___ DATA SUPPLIED

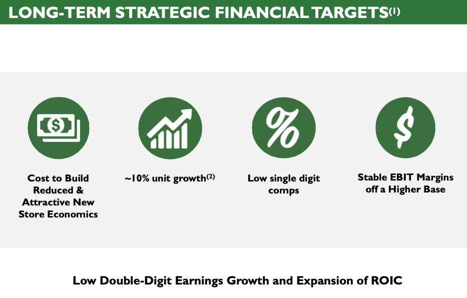 They are projecting 10% annual growth in store count, low single digit comp store sales growth, flat EBIT margins, but lower cost to build so potentially higher ROIC.
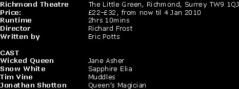 Sapphire Elia [star of the British TV musical drama Britannia High] is the best Snow White I have ever seen with an fabulous rendition of Boogie Wonderland. Her booming voice overshadows the rest of the cast from such a petite frame.
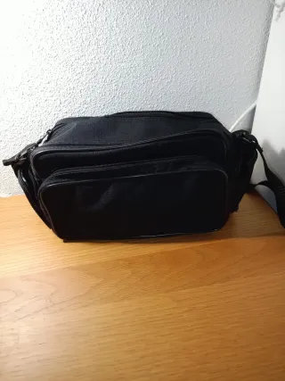 Bolsa negra para cámara fotográfica, o de vídeo, ideal para proteger tu equipo. - Material resistente e impermeable. - Múltiples bolsillos - Con velcros interiores. - Correa ajustable para el hombro.
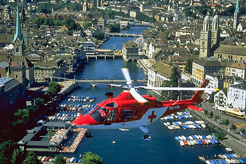 | HB-XWK of Rega at Milano-Malpensa on the delivery flight - Photo by Damiano Gualdoni © 21-Dec-94 | HB-XWK of Rega over the city of Zürich - Photo by REGA © 1996 |
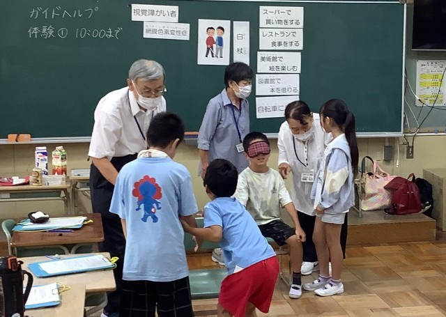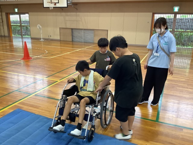 福祉実践教室は「手話」「ガイドヘルプ」「車椅子体験」の中から子どもたちが関心のある二つを選んで体験しました。

______

▸ **TRY IT**
Output all of the data exactly as it stands, minus any images.

▸ **RESULT OF THE TASK**
 They are projecting 10% annual growth in store count, low single digit comp store sales growth, flat EBIT margins, but lower cost to build so potentially higher ROIC.
 Sapphire Elia [star of the British TV musical drama Britannia High] is the best Snow White I have ever seen with an fabulous rendition of Boogie Wonderland. Her booming voice overshadows the rest of the cast from such a petite frame.
 Bolsa negra para cámara fotográfica, o de vídeo, ideal para proteger tu equipo. - Material resistente e impermeable. - Múltiples bolsillos - Con velcros interiores. - Correa ajustable para el hombro.
 | HB-XWK of Rega at Milano-Malpensa on the delivery flight - Photo by Damiano Gualdoni © 21-Dec-94 | HB-XWK of Rega over the city of Zürich - Photo by REGA © 1996 |
 福祉実践教室は「手話」「ガイドヘルプ」「車椅子体験」の中から子どもたちが関心のある二つを選んで体験しました。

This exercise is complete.